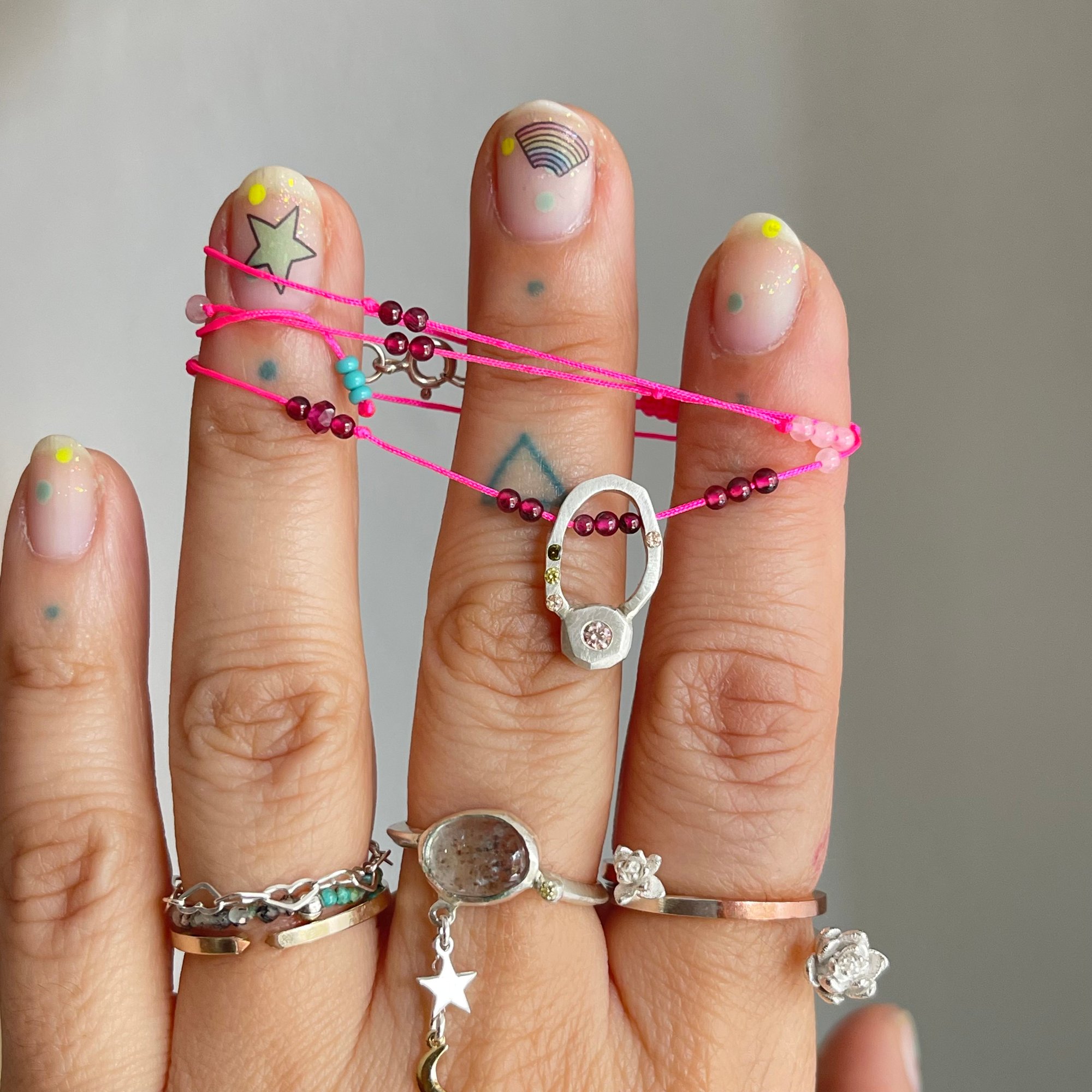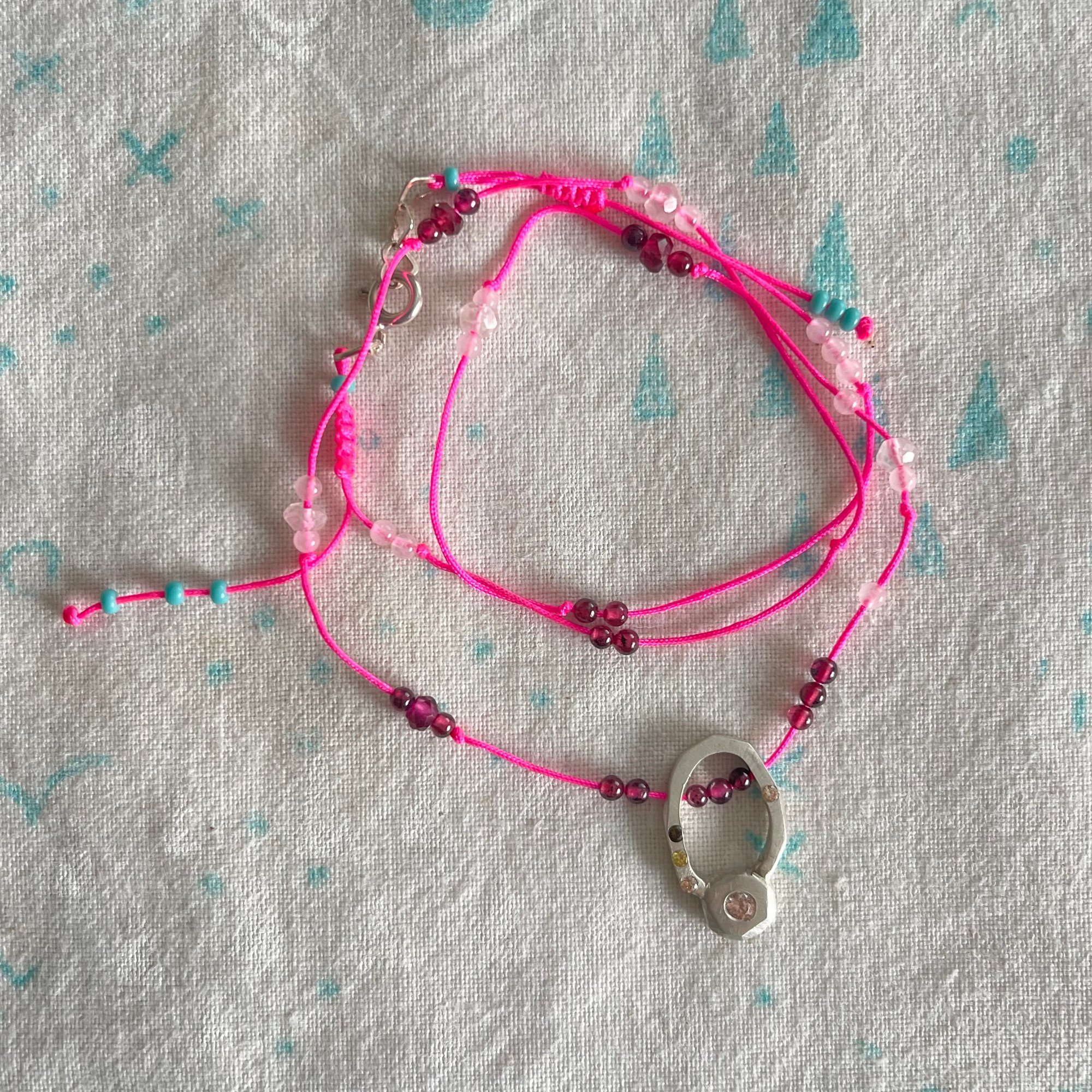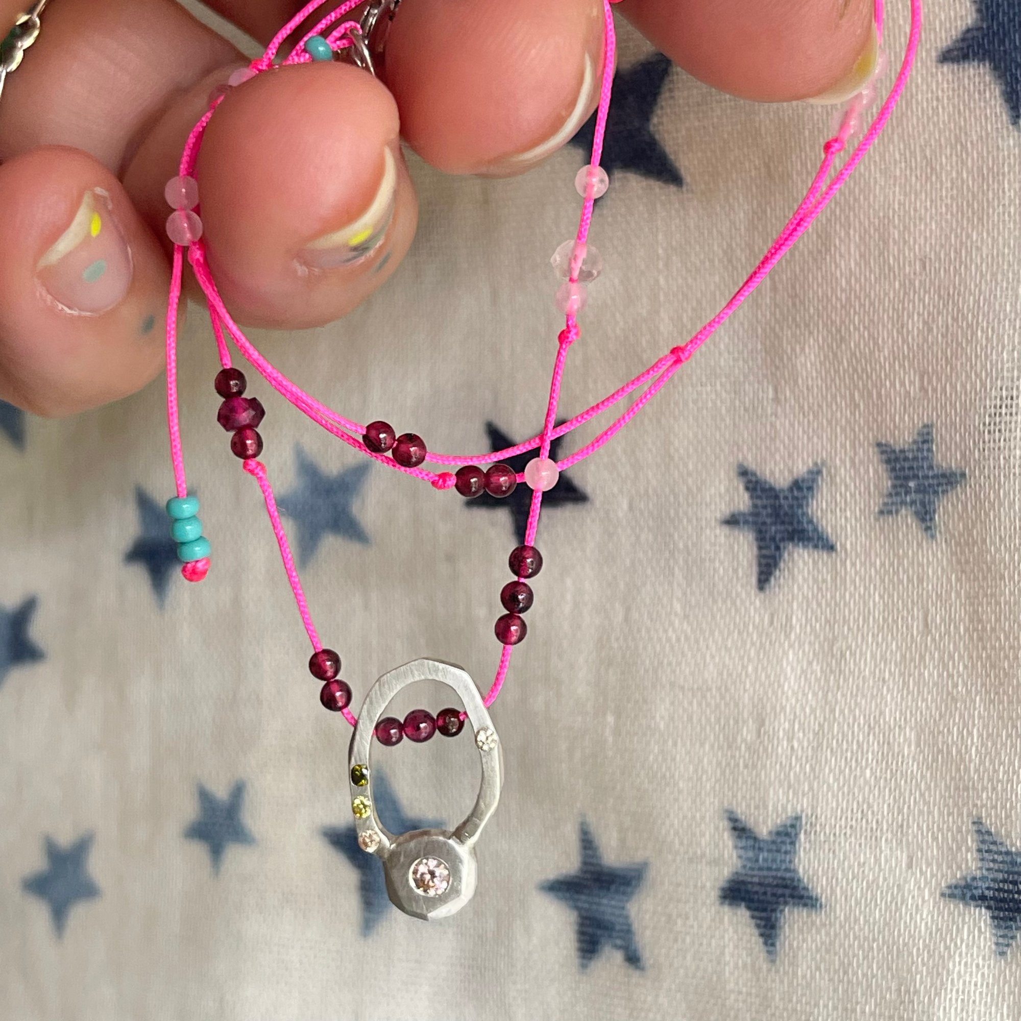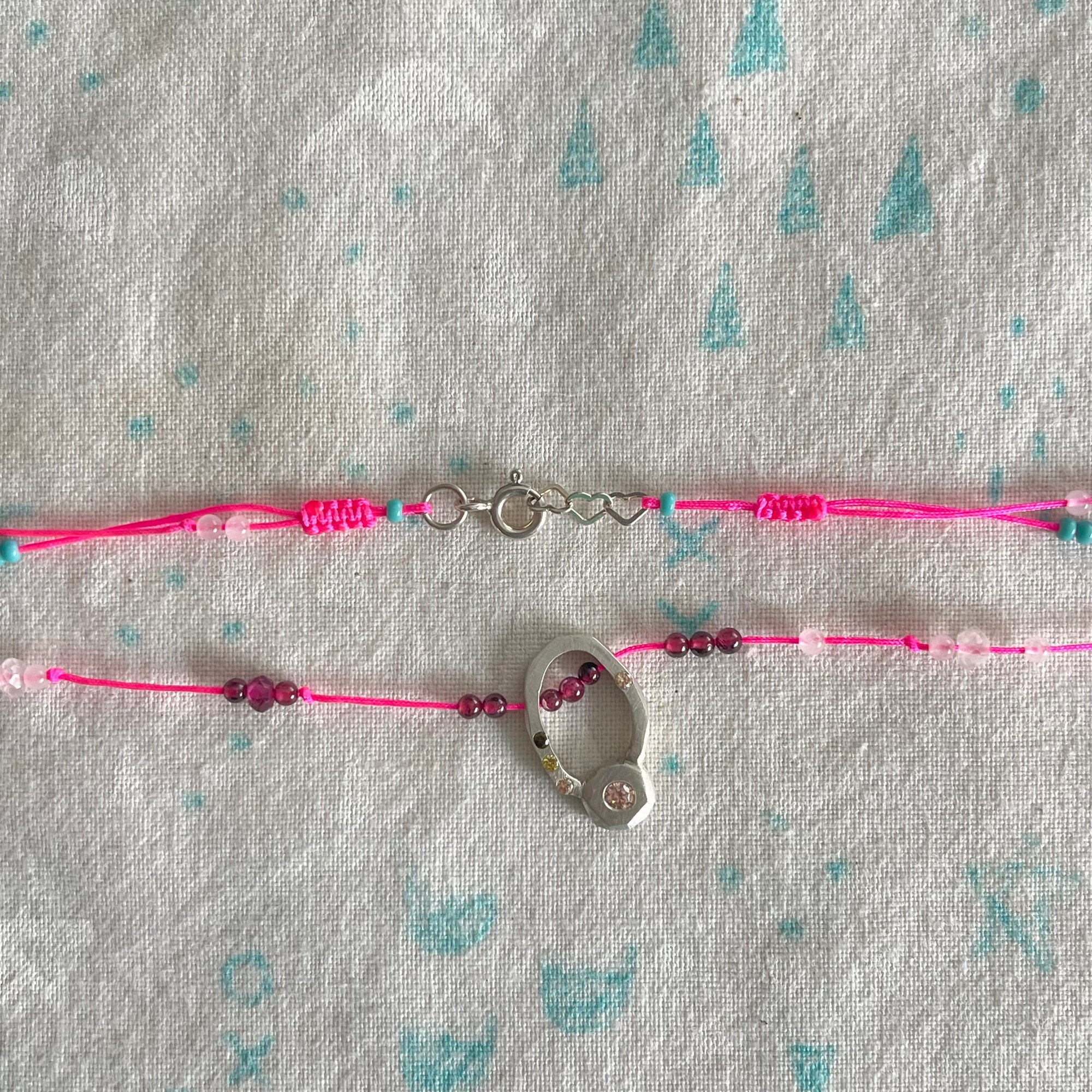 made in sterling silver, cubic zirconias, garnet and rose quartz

┄┄┄┄┄┄┄┄┄┄

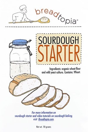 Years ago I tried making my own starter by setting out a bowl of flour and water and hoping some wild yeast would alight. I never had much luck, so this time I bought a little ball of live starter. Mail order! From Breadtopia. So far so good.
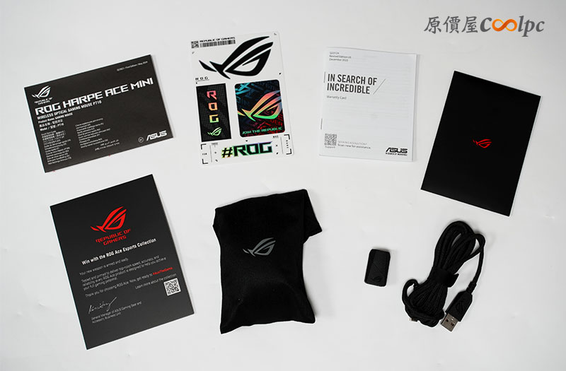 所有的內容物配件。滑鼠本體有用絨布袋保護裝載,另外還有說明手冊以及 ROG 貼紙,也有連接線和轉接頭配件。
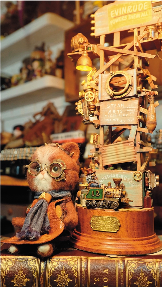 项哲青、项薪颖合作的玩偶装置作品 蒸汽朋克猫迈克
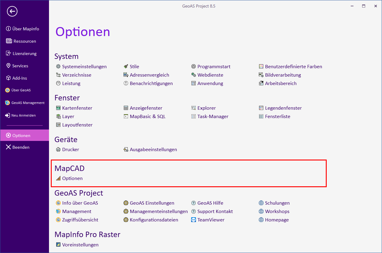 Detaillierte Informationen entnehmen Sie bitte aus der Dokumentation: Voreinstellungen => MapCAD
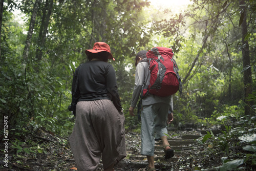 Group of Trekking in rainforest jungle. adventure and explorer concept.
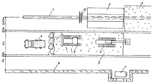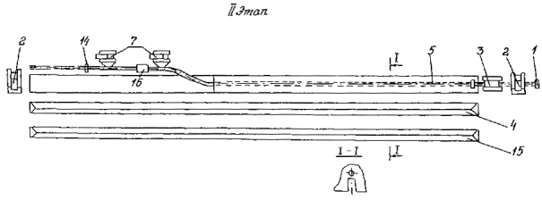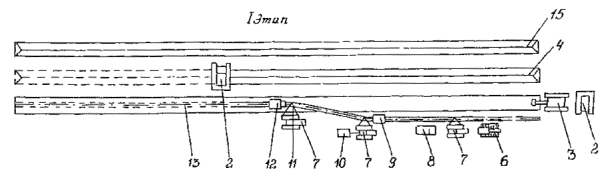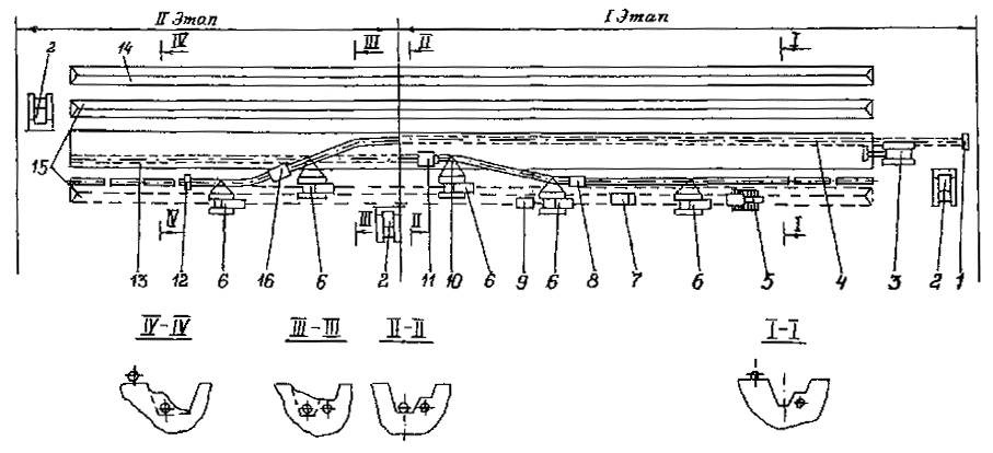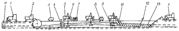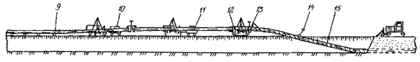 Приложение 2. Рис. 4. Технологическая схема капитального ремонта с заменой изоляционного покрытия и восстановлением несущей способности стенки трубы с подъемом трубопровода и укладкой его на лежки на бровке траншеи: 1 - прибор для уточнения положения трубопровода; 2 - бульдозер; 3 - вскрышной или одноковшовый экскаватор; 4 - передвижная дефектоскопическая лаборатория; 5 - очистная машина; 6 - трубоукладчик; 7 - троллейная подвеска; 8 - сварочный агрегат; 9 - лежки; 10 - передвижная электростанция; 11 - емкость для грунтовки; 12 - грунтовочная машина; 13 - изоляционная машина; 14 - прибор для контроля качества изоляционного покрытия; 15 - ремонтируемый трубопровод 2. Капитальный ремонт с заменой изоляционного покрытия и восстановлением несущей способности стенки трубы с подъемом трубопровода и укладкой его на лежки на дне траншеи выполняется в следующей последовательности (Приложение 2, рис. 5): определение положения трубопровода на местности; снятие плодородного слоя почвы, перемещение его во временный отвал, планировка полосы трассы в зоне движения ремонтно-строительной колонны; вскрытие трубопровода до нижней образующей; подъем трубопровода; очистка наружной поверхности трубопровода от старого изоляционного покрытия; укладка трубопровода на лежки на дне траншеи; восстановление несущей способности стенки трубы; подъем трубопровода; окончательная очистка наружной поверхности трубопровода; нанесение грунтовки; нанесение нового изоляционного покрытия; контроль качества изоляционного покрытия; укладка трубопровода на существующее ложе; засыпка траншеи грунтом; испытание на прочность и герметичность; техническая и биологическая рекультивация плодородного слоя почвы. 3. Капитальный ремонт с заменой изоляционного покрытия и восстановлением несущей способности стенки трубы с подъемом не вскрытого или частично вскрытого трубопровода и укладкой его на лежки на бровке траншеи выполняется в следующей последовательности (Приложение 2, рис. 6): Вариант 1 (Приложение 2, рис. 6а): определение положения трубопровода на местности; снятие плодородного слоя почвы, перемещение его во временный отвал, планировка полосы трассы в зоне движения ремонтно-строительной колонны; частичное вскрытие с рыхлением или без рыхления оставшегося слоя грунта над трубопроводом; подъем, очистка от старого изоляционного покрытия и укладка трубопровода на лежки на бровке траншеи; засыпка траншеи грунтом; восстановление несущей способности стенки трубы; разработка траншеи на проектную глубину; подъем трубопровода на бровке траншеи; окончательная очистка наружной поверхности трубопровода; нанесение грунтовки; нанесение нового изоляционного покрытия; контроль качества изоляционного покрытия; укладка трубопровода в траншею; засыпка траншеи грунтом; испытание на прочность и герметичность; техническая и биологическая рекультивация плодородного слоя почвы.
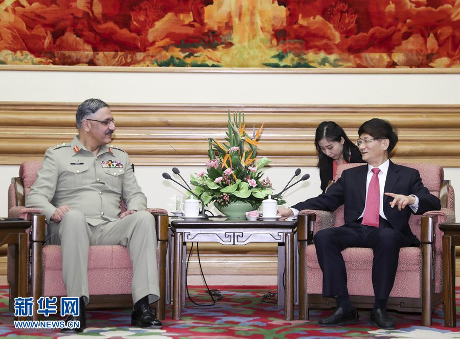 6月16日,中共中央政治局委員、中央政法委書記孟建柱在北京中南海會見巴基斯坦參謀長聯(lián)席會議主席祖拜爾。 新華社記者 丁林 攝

┄┄┄┄┄┄┄┄┄┄

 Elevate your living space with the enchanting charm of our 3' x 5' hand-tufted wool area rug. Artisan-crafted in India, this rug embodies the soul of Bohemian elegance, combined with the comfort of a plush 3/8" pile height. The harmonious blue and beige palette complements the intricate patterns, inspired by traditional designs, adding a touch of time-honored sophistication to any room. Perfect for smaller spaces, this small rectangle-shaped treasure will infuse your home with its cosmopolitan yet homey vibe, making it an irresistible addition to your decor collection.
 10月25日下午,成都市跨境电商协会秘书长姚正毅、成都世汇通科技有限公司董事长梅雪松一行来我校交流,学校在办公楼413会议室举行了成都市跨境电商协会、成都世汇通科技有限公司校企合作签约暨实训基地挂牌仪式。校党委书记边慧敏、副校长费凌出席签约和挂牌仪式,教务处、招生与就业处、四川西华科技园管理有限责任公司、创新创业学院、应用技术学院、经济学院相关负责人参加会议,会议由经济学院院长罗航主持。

┄┄┄┄┄┄┄┄┄┄

What is required
Copy exactly, without pictures, the lines above from the one with "项哲青、项薪颖合作的玩偶装置作品 蒸汽朋克猫迈克" down to the one with "Group of Trekking", inclusive.

Finished task
 项哲青、项薪颖合作的玩偶装置作品 蒸汽朋克猫迈克
 Detaillierte Informationen entnehmen Sie bitte aus der Dokumentation: Voreinstellungen => MapCAD
 Group of Trekking in rainforest jungle. adventure and explorer concept.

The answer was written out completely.